BEI-Bert - Baseten

BEI-Bert is a specialized variant of Baseten Embeddings Inference optimized for BERT-based model architectures. It provides superior cold-start performance and 16-bit precision for models that benefit from bidirectional attention patterns.

When to use BEI-Bert

Ideal use cases

Model architectures:

Sentence-transformers: sentence-transformers/all-MiniLM-L6-v2
Jina models: jinaai/jina-embeddings-v2-base-en, jinaai/jina-embeddings-v2-base-code
Nomic models: nomic-ai/nomic-embed-text-v1.5, nomic-ai/nomic-embed-code-v1.5
BERT variants: FacebookAI/roberta-base, cardiffnlp/twitter-roberta-base
Gemma3Bidirectional: google/embeddinggemma-300m
ModernBERT: answerdotai/ModernBERT-base
Qwen2Bidirectional: Alibaba-NLP/gte-Qwen2-7B-instruct
QWen3Bidirectional voyageai/voyage-4-nano
LLama3Bidirectional nvidia/llama-embed-nemotron-8b

Deployment scenarios:

Cold-start sensitive applications: Where first-request latency is critical
Small to medium models: (under 4B parameters) where quantization isn’t needed
High-accuracy requirements: Where 16-bit precision is preferred
Bidirectional attention: Models with bidirectional attention run best on this engine.

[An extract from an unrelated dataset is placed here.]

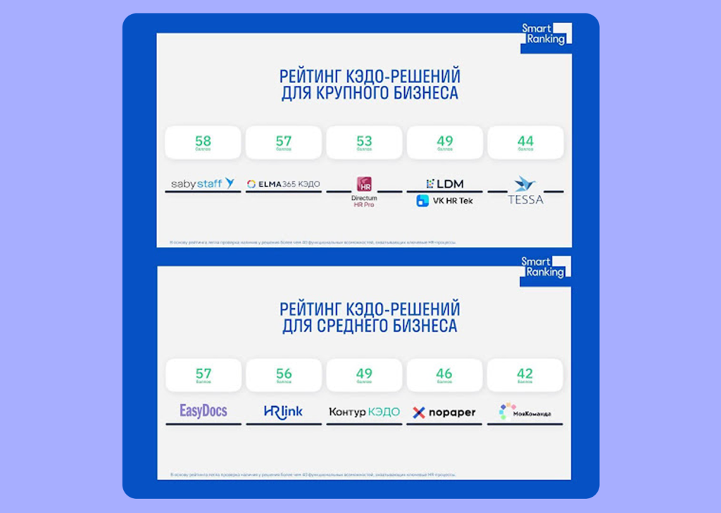 «МояКоманда» отмечена в рейтинге Smart Ranking среди современных КЭДО-решений для бизнеса. Это значит, что сервис уже занимает свое место на рынке и развивается в одном ряду с крупными игроками. Главное преимущество в том, что система позволяет полностью перевести кадровые процессы в цифру: документы оформляются онлайн, подписываются за минуты и удобно хранятся в системе.

BEI-Bert vs BEI comparison

Feature	BEI-Bert	BEI
Architecture	BERT-based (bidirectional)	Causal (unidirectional)
Precision	FP16 (16-bit)	BF16/FP16/FP8/FP4 (quantized)
Cold-start	Optimized for fast initialization	Standard startup
Quantization	Not supported	FP8/FP4 supported
Memory usage	Lower for small models	Higher or equal
Throughput	600-900 embeddings/sec	800-1400 embeddings/sec
Best for	Small BERT models, accuracy-critical	Large models, throughput-critical

Recommended models (MTEB ranking)

Top-tier embeddings

High performance (rank 2-8):

Alibaba-NLP/gte-Qwen2-7B-instruct (7.61B): Bidirectional.
intfloat/multilingual-e5-large-instruct (560M): Multilingual.
google/embeddinggemma-300m (308M): Google’s compact model.

Mid-range performance (rank 15-35):

Alibaba-NLP/gte-Qwen2-1.5B-instruct (1.78B): Cost-effective.
Salesforce/SFR-Embedding-2_R (7.11B): Salesforce model.
Snowflake/snowflake-arctic-embed-l-v2.0 (568M): Snowflake large.
Snowflake/snowflake-arctic-embed-m-v2.0 (305M): Snowflake medium.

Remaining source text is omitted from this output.